Valeriy Kim was promoted to CFO of Freedom Holding Corp. (Nasdaq: FRHC), a diversified financial services conglomerate. Kim succeeds Evgeny Ler, who has served as the company's CFO since 2015. Ler is expected to serve as a special advisor to CEO Timur Turlov, focusing on financing and M&A activities. Kim most recently served as VP of finance of Freedom Holding Corp. and CEO at Freedom Holding Operations LLP, a subsidiary. Kim previously served as CFO of Freedom Finance Global PLC, also a company subsidiary, from 2020-2024.
Big Deal
Global M&A is on track for its second-highest year ever in 2026, according to Bain & Company’s midyear report. Deal value is up 41% year over year to $2.4 trillion in the first five months, and megadeals are driving a broad-based resurgence across sectors and regions.
But Bain warns that acquirers now face an AI “winner’s paradox”: they must execute ambitious, often $10 billion-plus strategic transactions while simultaneously delivering complex AI transformations, especially as AI’s impact extends well beyond the tech sector.
The report highlights Europe as a hot spot for large strategic deals, notes a rising mix of stock-plus-cash financing, and shows that megadeals typically take years to fully integrate—raising the stakes for leaders trying to capture synergies and modernize workflows at the same time. Bain argues that winning companies will treat integration as a critical moment to accelerate AI ambitions, use AI to identify and validate cost synergies faster, and ground their M&A playbooks in six core questions on AI’s role in deal theses, value creation, transformation, leadership, and integration management.
Going deeper
Can AI models be persuaded? A piece in Wharton’s business journal explores new research from Wharton’s Generative AI Labs suggesting that safeguards designed to prevent misuse may be vulnerable to the same psychological tactics that influence people.
The researchers tested models from three leading AI labs—OpenAI’s GPT-5 Mini, Anthropic’s Claude Haiku 4.5, and Google’s Gemini 3 Flash—by having 126,000 “conversations” with them. They found that well-known persuasion tactics such as “authority” and “social proof,” whereby people defer to experts or follow the crowd, could cajole models into overriding their own defenses, leading them to comply with dubious requests they should reject, including asks to help synthesize controlled substances such as opioids.
Overheard
“It’s an accountability driver. It doesn’t solve problems for you, but it tells you your problems.”
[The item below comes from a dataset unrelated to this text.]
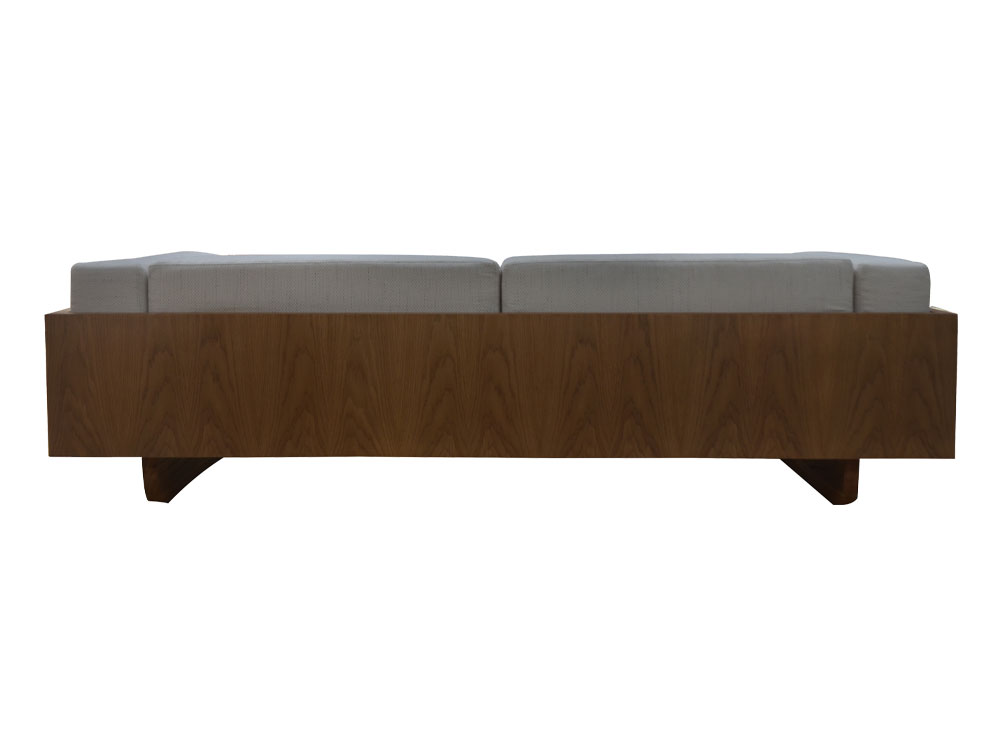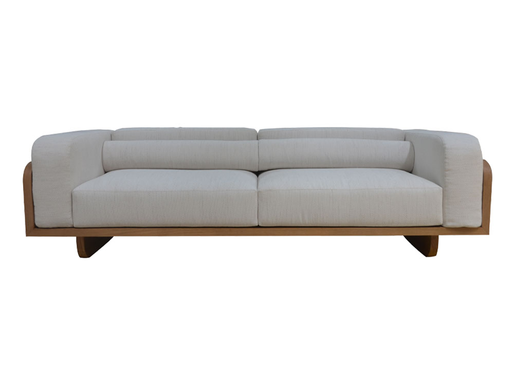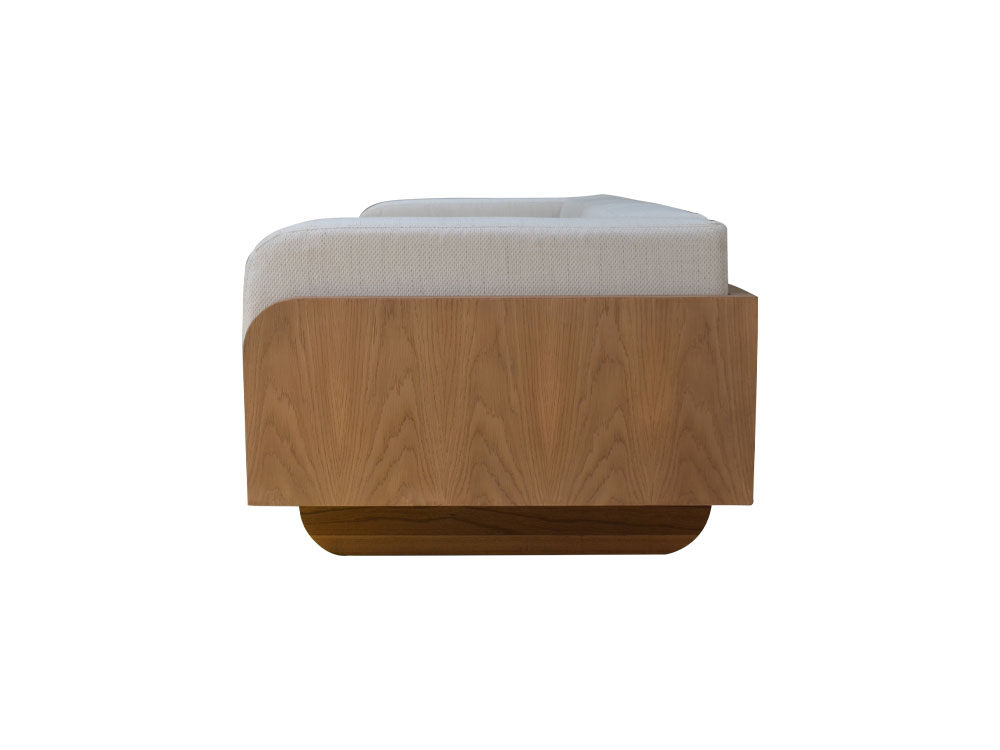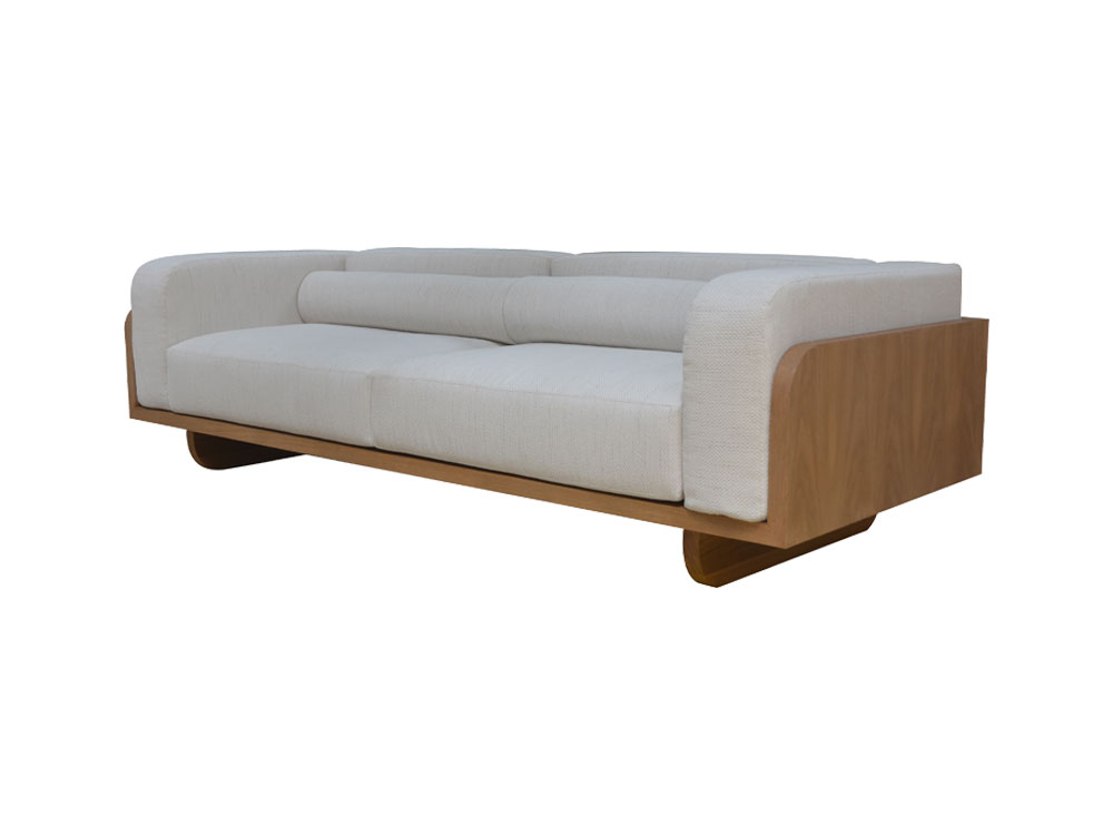 Craftsmanship–built for exceptional comfort and style, our Flax Sofa invites you to lay back in the comfort of its generous upholstery covered by expertly tailored soft fabric — creating the sink–into feeling. The upholstered silhouette is framed by mindi veneer in a honey mindi finish, perfected by the matte wood sheen.

—Patrick Sheehan, VP of value-based care at intelligent health devices company Withings, said this of wearables that measure users’ health data during the Fortune Brainstorm Tech conference in Aspen this month. Sheehan argued that the real challenge is what to do with all that data now that people have detailed information about themselves—and, more importantly, identifying the exact behaviors they need to change. “The wearable paired with the action or an intervention is solving a problem,” Sheehan said.